On April 14, 2012, Carl’s president, Ronald Reynolds, was involved in an accident
with Victor Hickox while driving the Honda Civic. Hickox sued Reynolds in state court and
Reynolds demanded coverage under the UFC insurance policy. UFC then filed this case
against Reynolds and Hickox seeking a declaration that no coverage exists under the policy
and that it has no duty to defend or pay damages for the accident in question. On October
23, 2012, UFC moved for summary judgment asserting that there are no disputes of material
fact and that it is entitled to judgment as a matter of law.
II. LEGAL STANDARD
Summary judgment is appropriate when the record, viewed in a light most favorable
to the nonmoving party, demonstrates that there is no genuine dispute as to any material fact
and the moving party is entitled to judgment as a matter of law. See Fed. R. Civ. P. 56(a);
Celotex Corp. v. Catrett, 477 U.S. 317, 322-23 (1986); Anderson v. Liberty Lobby Inc., 477
U.S. 242, 249-50 (1986). Once the moving party demonstrates that there is no genuine
dispute of material fact, the non-moving party may not rest upon the mere allegations or
denials in his pleadings. Holden v. Hirner, 663 F.3d 336, 340 (8th Cir. 2011). Instead, the
non-moving party must produce admissible evidence demonstrating a genuine factual dispute
that must be resolved at trial. Id. Importantly, when considering a motion for summary
judgment, all reasonable inferences must be drawn in the light most favorable to the
nonmoving party. Holland v. Sam's Club, 487 F.3d 641, 643 (8th Cir. 2007). Additionally,
the evidence is not weighed, and no credibility determinations are made. Jenkins v. Winter,
540 F.3d 742, 750 (8th Cir. 2008).
UFC moves for summary judgment, stating that the insurance policy expired by its
own terms when the renewal premium was not paid. In response, Reynolds states that UFC
failed to give him sixty days notice that it was not renewing the policy, which he claims was
required. He also states that he did not receive any notices from UFC because the address
listed on the policy was incorrect. Summary judgment is granted because the policy expired
when the premium went unpaid and notice was sufficient.
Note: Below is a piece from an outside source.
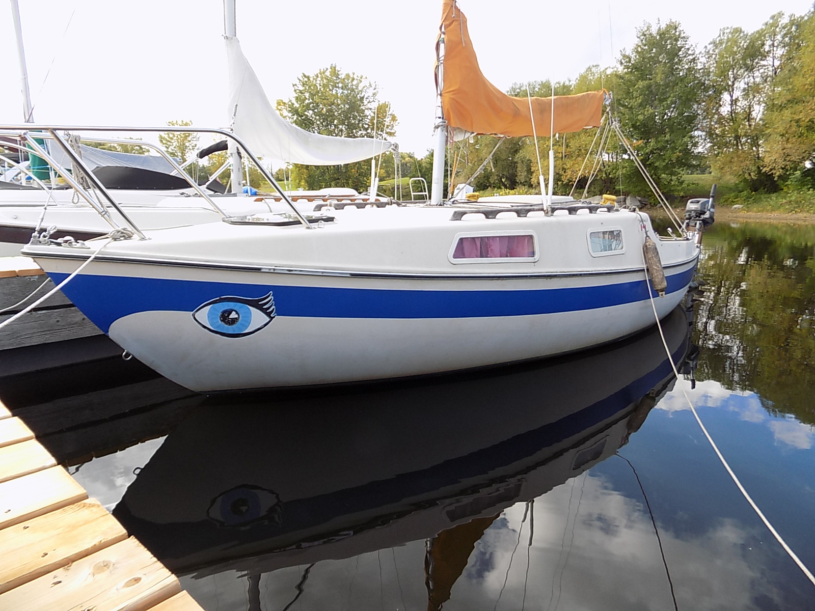 A San Juan 21 Mark II sailboat named Iris.

The parties agree that the insurance policy at issue was a commercial policy. The law
is clear that, “[e]xcept in case of nonpayment of premium, an insurer shall renew a policy
unless a written notice of nonrenewal is mailed at least sixty (60) days prior to the expiration
date of the policy....” Ark. Code. Ann. § 23-79-307(7). Although Reynolds asserts that UFC
had to provide a sixty day notice that it did not intend to renew the policy, this is not required
when a policy holder fails to pay the premium. The record is clear that Reynolds failed to
pay the premium.
To avoid summary judgment for his failure to pay the premium, Reynolds asserts that
UFC’s notices to him were insufficient because the address listed on the policy was incorrect.
The problem with this argument is that the undisputed facts indicate that the mailing address
used by UFC is the same address listed on the policy since it originated in 2005. Further, to
prove notice, even for cancellation, intent not to renew, or when notifying an insured of
grounds for cancellation, an insurer is only required to demonstrate proof of mailing to the
address listed on the policy. See Ark. Code. Ann. § 23-89-306. Summary judgment is
An appropriate judgment shall accompany this order.
IT IS SO ORDERED this 22nd day of February 2013.